Output token * COST_PER_OUTPUT_token

)

# Replace the technology span utilizing the end result

# This knowledge shall be entered into the Langfuse value and token dashboard

technology.finish(

output=response textual content,

Utilization={

“enter”: enter token,

“output”: output token,

“complete”: total_tokens,

“unit”: “token”

},

metadata={

“Latency_ms”: latency_ms,

“Cost_USD”: spherical(Cost_USD, 6),

“mannequin”: mannequin

}

)

# replace hint with ultimate output

hint.replace(

output={“response”: response textual content},

metadata={“Complete cost_USD”: spherical(Cost_USD, 6)}

)

# Print a abstract to straightforward output for native viewing

print(f“n{‘─’ * 60}”)

print(f“Consumer: {user_message}”)

print(f“Claude: {response_text}”)

print(f“Tokens: {input_tokens} enter / {output_tokens} output / complete {total_tokens}”)

print(f“Value: ${cost_usd:.6f}”)

print(f“Latency: {latency_ms}ms”)

print(f“Hint: {langfuse_client.base_url}/hint/{hint.id}”)

print(f“{‘─’ * 60}n”)

return response textual content

exclude exception as e:

# Log the error in a hint so it is going to be seen in Langfuse

technology.finish(

output=none,

metadata={“error”: str(e), “Latency_ms”: integer((time.time() Begin time) * 1000)}

)

hint.replace(output={“error”: str(e)})

# All the time flush earlier than firing — ensures error traces are despatched

langfuse_client.flash()

enhance

Lastly:

# Flush sends all buffered occasions to Langfuse

# Langfuse routinely flushes long-running providers.

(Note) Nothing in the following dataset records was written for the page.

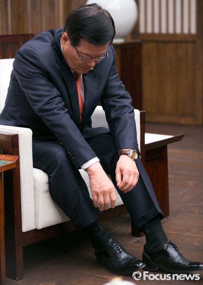 (서울=포커스뉴스) 싱크탱크 '새 한국의 비전'을 준비 중인 정의화 국회의장이 23일 오후 서울 여의도 국회에서 류치바오 중국 공산당 중앙선전부장을 접견, 면담 중 구두끈을 묶고 있다. 정 의장은 지난 19일 본회의를 마친 뒤 유승민 무소속 의원과 독대한 것으로 알려져 관심을 모으고 있다.
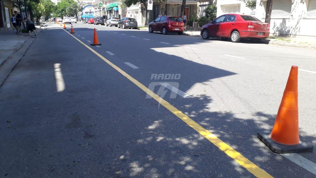 Esta mañana comenzaron los trabajos sobre calle Urquiza con la demarcación de un carril exclusivo para bicicletas, en el tramo entre bulevar Pellegrini y Suipacha.
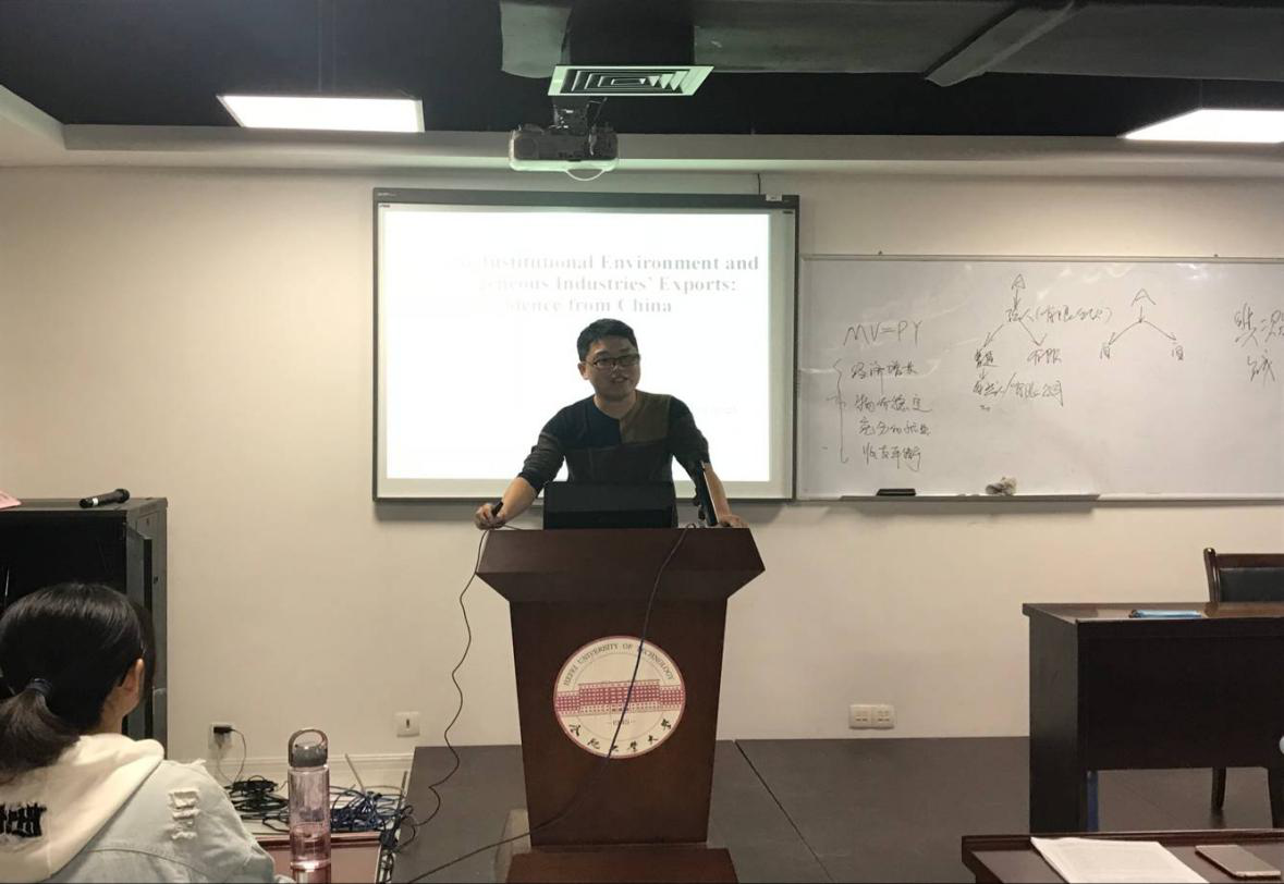 2018年11月1日晚上7点,必赢优惠y272net吴飞飞老师在翡翠湖校区科教B座1101会议室给2018级研究生做了一场学术报告,本次报告的主题是“Domestic Institutional Environment and Heterogeneous Industries' Exports:Evidence from China”。
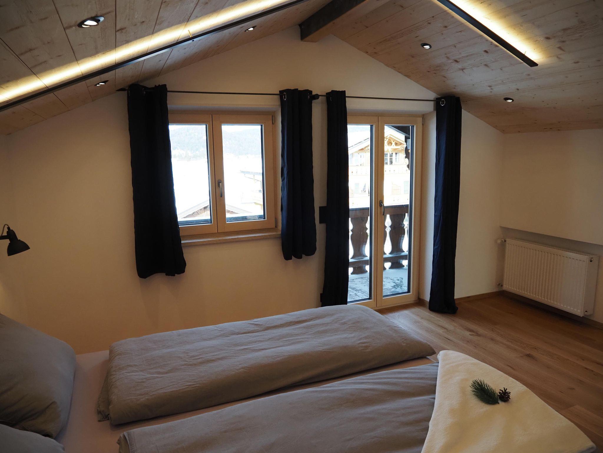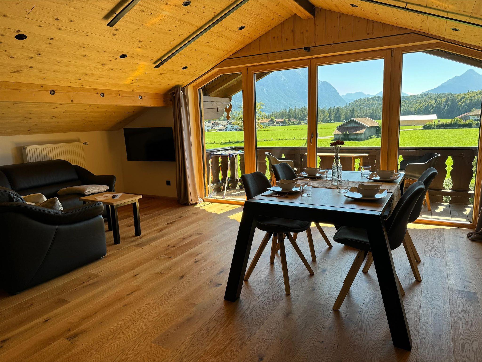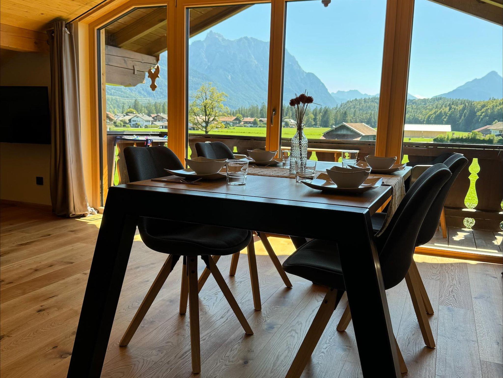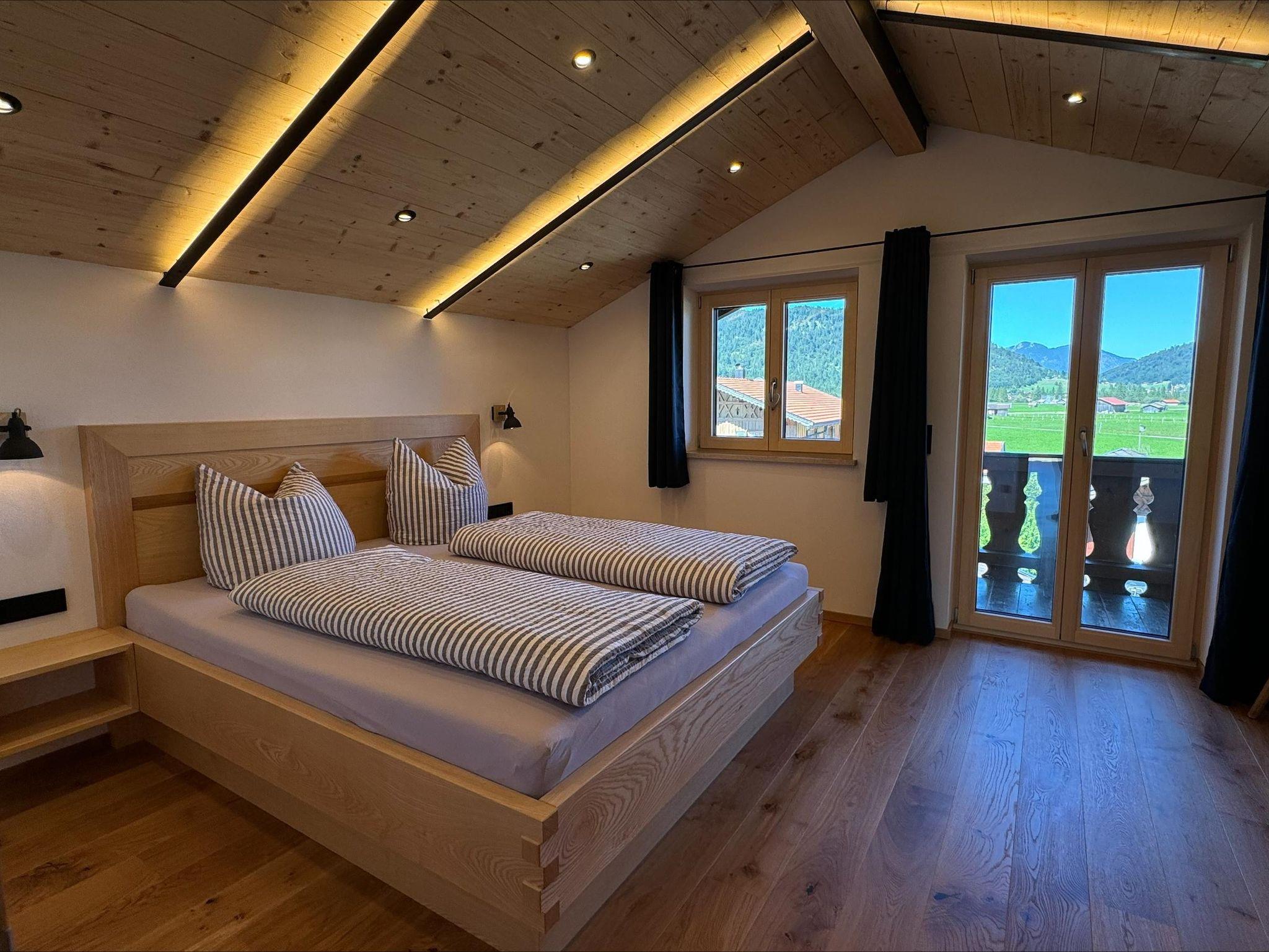 Unsere Ferienwohnung Arnspitze ist das Juwel unseres Hauses. Lassen Sie sich von dem herrlichen Ausblick auf das Karwendel- und Wettersteinmassiv verzaubern. Wir bieten Ihnen eine geschmackvoll eingerichtete Wohnung mit moderner Küche inkl. Geschirrspülmaschine und 4-Plattenceranfeld mit Dunstabzugshaube, einer hochwertigen Ledercouch, einem Flachbild-TV, Essecke, kostenfreiem WLan sowie einem Süd- als auch einen Nordbalkon. Besondere Akzente setzten wir in unserer Wohnung Arnspitze mit einer edel beleuchteten Fichtenholzdecke mit dezenten Elementen aus Schwarzstahl. Einen erholsamen Schlaf bietet ein handgemachtes Bett aus Eschenholz.
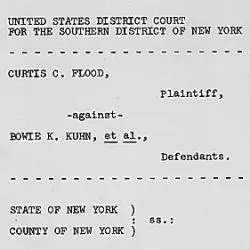 This document was filed in the case of Curtis C. Flood, Plaintiff, vs. Bowie K. Kuhn, et al. (Bowie K. Kuhn, Commissioner of Baseball; Charles S. Feeney, President of the National League; Joseph E. Cronin, President of the American League; and 24 professional baseball teams).
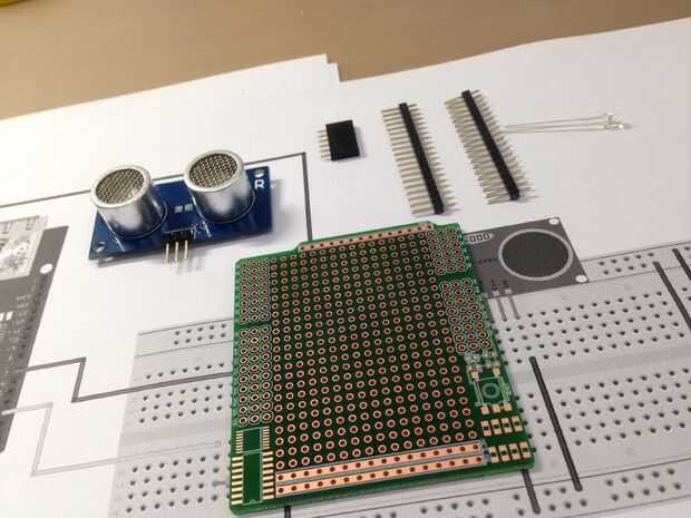 - Preparación de piezas eléctricas para hacer escudo (jefe del sensor ultrasónico, IRLED, pin, 100 ohm, cable color)
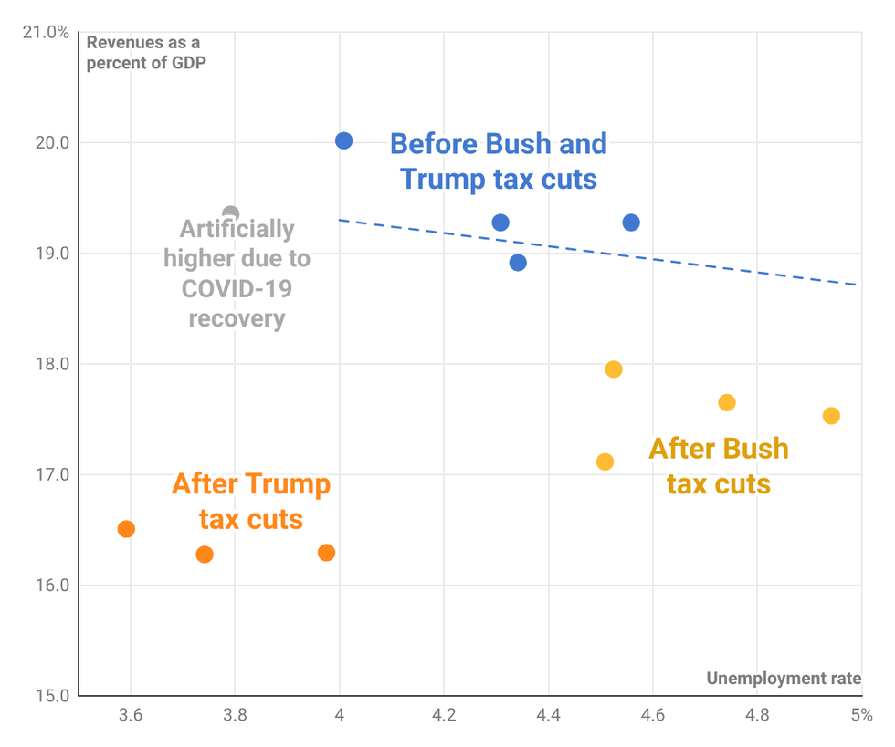 The Bush and Trump tax cuts broke our modern tax structure: Revenues are significantly lower and no longer grow much with the economy
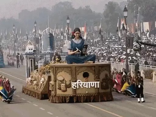 हरियाणा की झांकी में सरकारी कार्यक्रम मेरा परिवार – मेरी पहचान पर फोकस किया गया। इसके जरिए महिला सशक्तिकरण को केंद्र में रखा गया। झांकी में हरियाणवी छात्राएं डिजिटल गैजेट पकड़े हुए नजर आईं।
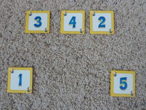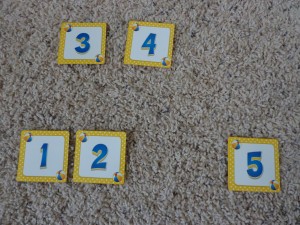 If they can count to five, can they match their counting with the number? I know that for a while, Andrew would count out loud but the numbers he was pointing to didn’t always match up. I would have him slow down but also ask him to point to certain numbers so I could tell if he really knew what they were.
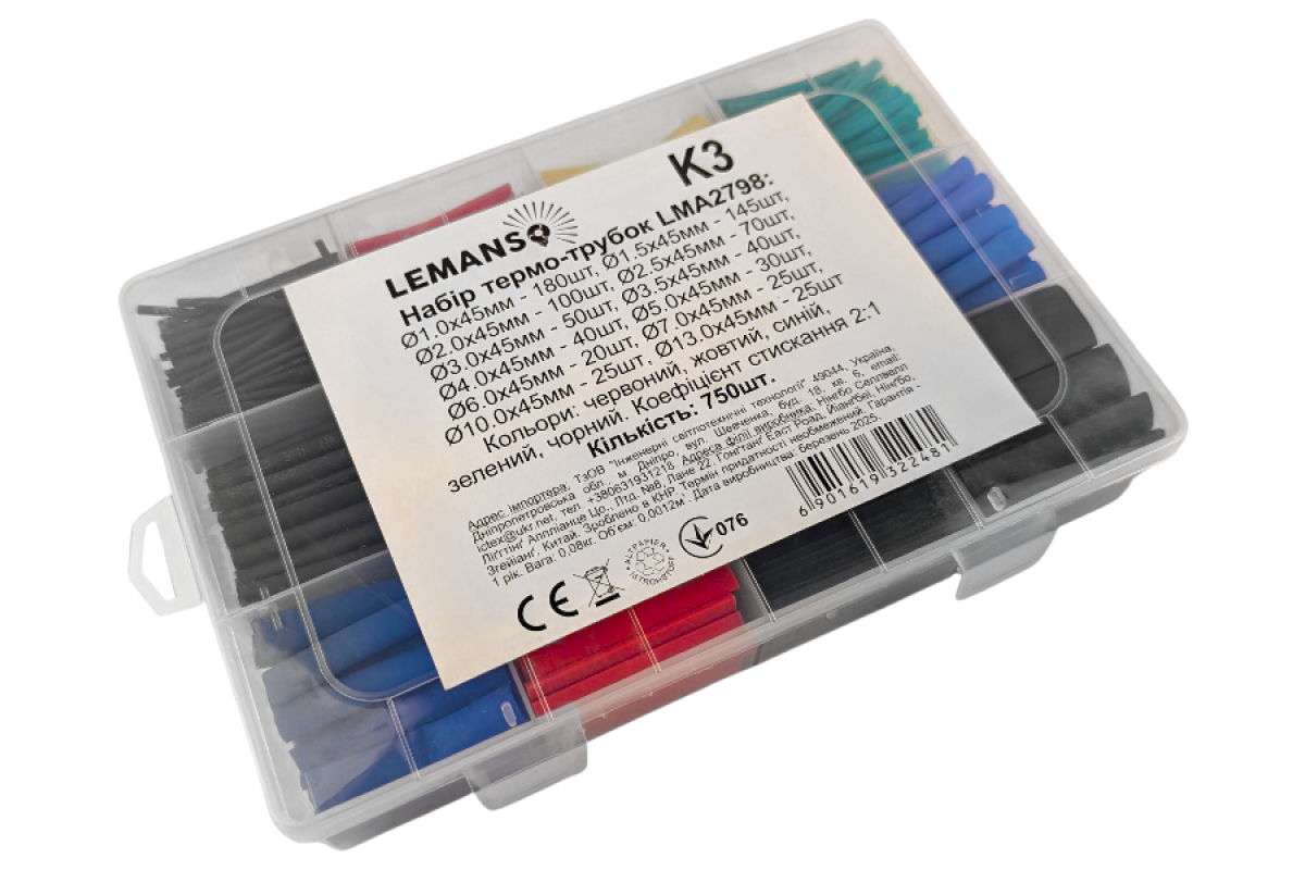 Set of thermo-tubes in a box 45mm 750pcs shrinkage coefficient shrinkage 2:1/LMA2798 Lemanso
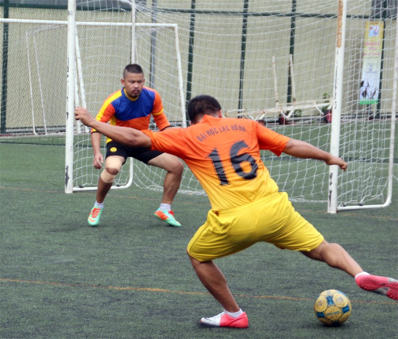 Thủ môn Đăng Khoa (Khoa KTCT - ĐH Lạc Hồng) ra sức bảo vệ khung thành
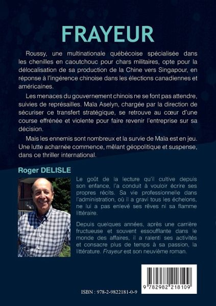 FrayeurUne enquête de Maïa Aselyn Roussy, une multinationale québécoise spécialisée dans les chenilles en caoutchouc pour chars militaires, opte pour la délocalisation de sa production de la Chine vers Singapour, en réponse à l'ingérence chinoise dans les élections canadiennes et américaines. Les menaces du gouvernement chinois ne se font pas attendre, suivies de représailles. Maïa Aselyn, chargée par la direction de sécuriser ce transfert stratégique, se retrouve au c¿ur d'une course effrénée et violente pour faire revenir l'entreprise sur sa décision.Mais les ennemis sont nombreux et la survie de Maïa est en jeu. Une lutte acharnée commence, mêlant géopolitique et suspense, dans ce thriller international. Il est possible de retrouver Maïa Aselyn, dans les titres suivants : Ranc¿ur (2020)Contrecoups (2015)La Saga oubliée (2009)
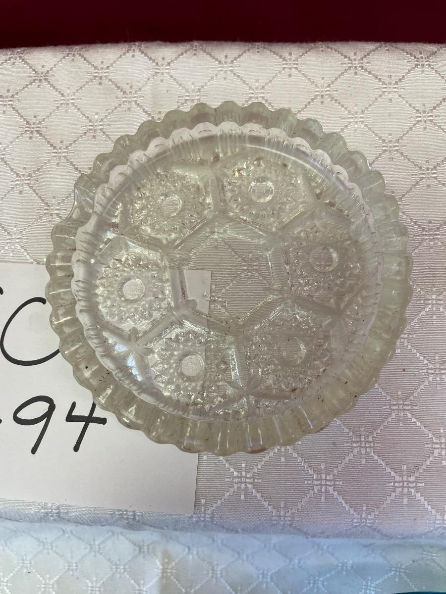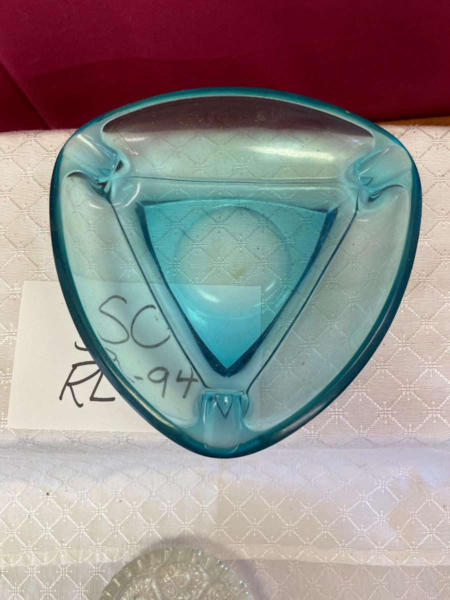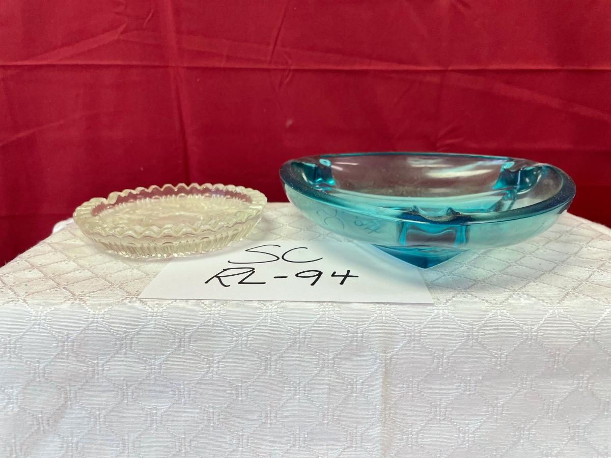 MCM blue glass ashtray & pressed glass Hobstar ashtray
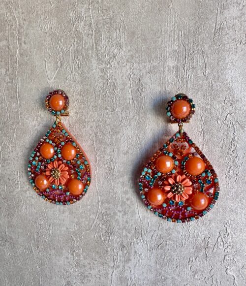 Pendientes hechos sobre una base con cristal de swarovski multicolor, piedras de cerámica y cierre omega.
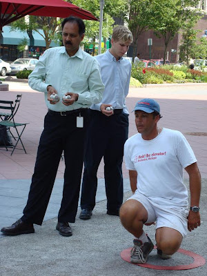 (side note: Mark pulled up his pant cuff and we saw ... something that resembled, well... he claims it's a medical device...) Anyhow, it was Mike/Jeff vs. Hitesh/Aaron for a second game which went well for Mike and me (7/1 adjusted 13/6) - then Hitesh had to Hitail it to work, leaving Aaron to continue the game (un-ranked for fun) to 13 points. Which he did, taking the win 13/12. For those of you who think playing/working downtown in Detroit is dangerous... check out the police presence...(photo) . Nothing to worry 'bout here...
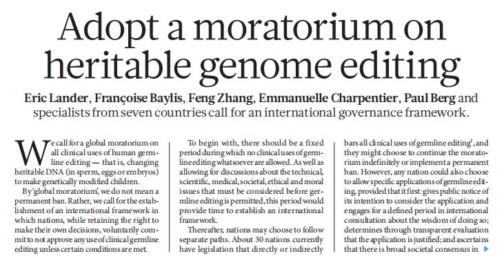3月14日,《自然》杂志刊登15位基因编辑领域的权威学者呼吁,应全面暂停可遗传基因编辑的应用,建立一套国际通用的监管框架。]
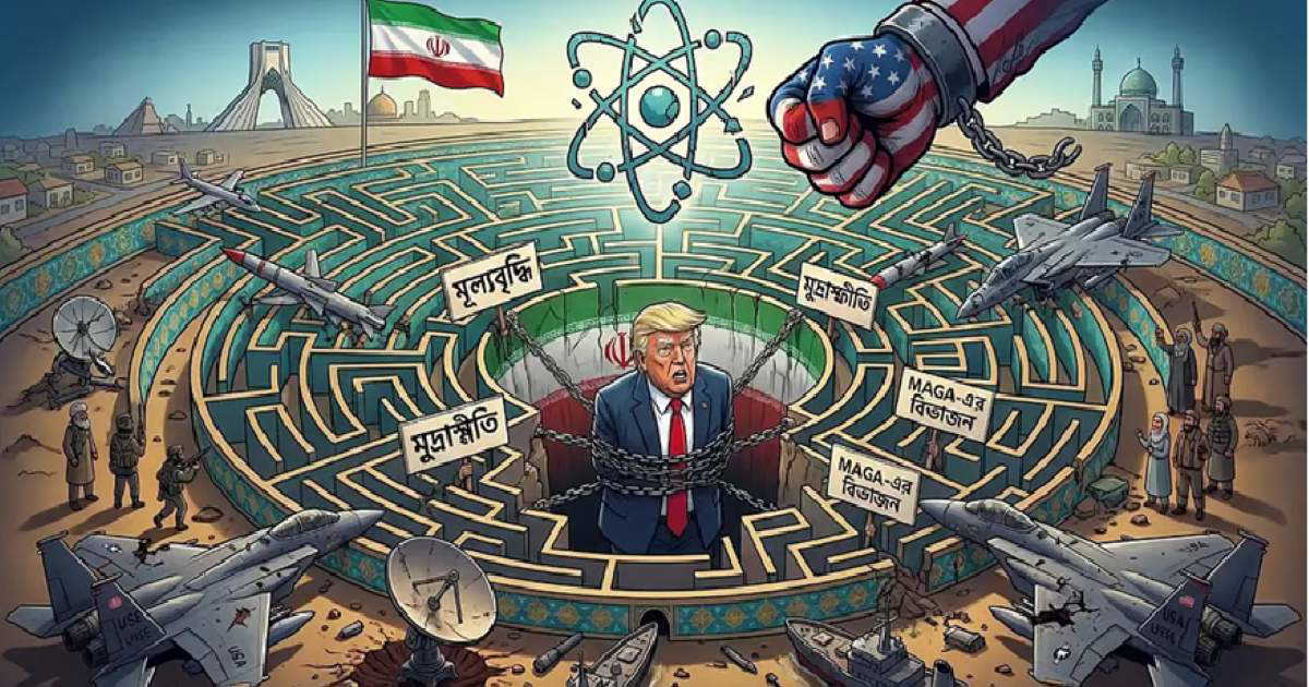 और स्थिति उसी दिशा में बढ़ती दिख रही है। ईरान विशेषज्ञ एली गेरानमायेह के अनुसार ट्रंप चाहें तो शुरुआत में ही खामेनेई की हत्या की सफलता का दावा कर युद्ध से बाहर निकल सकते थे लेकिन वह मौका चूककर अब वह अभिमन्यु के चक्रव्यूह में फंसने की तरह फंस गए हैं।
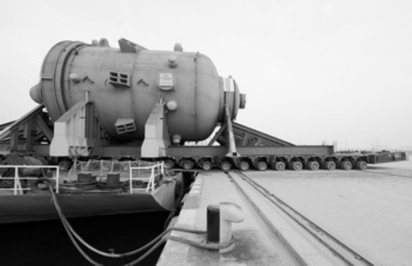 当日,天津石化100万吨乙烯及配套项目整台重量最重、最昂贵的设备————EO反应器在天津临港顺利完成滚装卸船作业。据介绍,该设备本体净重1182吨,采购价格逾2亿元人民币。新华社记者 刘海峰摄
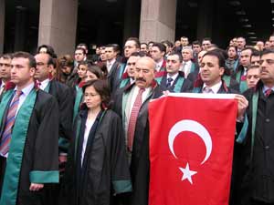 Ankara Adliyesinde görev yapan Baroda Birlik Gurubu yanlısı avukatlar, Mersinde Türk bayrağına yönelik saldırıyı protesto etti.

# The script requires a handbook flush earlier than the method exits.

langfuse_client.flash()

# ── Run the demo ──── ─ ─ ─ ─ ─ ─ ─ ─ ─ ─ ─ ─ ─ Run the demo

if __name__ == “__Major__”:

# Simulate a two-turn buyer assist dialog

take a look at message = [

        “What is your return policy for electronics?”,

        “Can I return an item I bought 45 days ago?”

    ]

session = “Demo session-001”

for I, message in enumerate(take a look at message):

print(f“nCalling {i + 1}/{len(test_messages)}”)

strive:

call_llm_with_tracing(

Consumer message=message,

Session ID=session,

Consumer ID=“Check user-42”

)

exclude exception as e:

print(f“Invocation error {i + 1}: {e}”)

banner
Top Selling Multipurpose WP Theme

Converter

Top Selling Multipurpose WP Theme

Newsletter

Subscribe my Newsletter for new blog posts, tips & new photos. Let's stay updated!

banner
Top Selling Multipurpose WP Theme

Leave a Comment

banner
Top Selling Multipurpose WP Theme

Latest

Best selling

22000,00 $
16000,00 $
6500,00 $

Top rated

6500,00 $
22000,00 $
900000,00 $

Products

Knowledge Unleashed
Knowledge Unleashed

Welcome to Ivugangingo!

At Ivugangingo, we're passionate about delivering insightful content that empowers and informs our readers across a spectrum of crucial topics. Whether you're delving into the world of insurance, navigating the complexities of cryptocurrency, or seeking wellness tips in health and fitness, we've got you covered.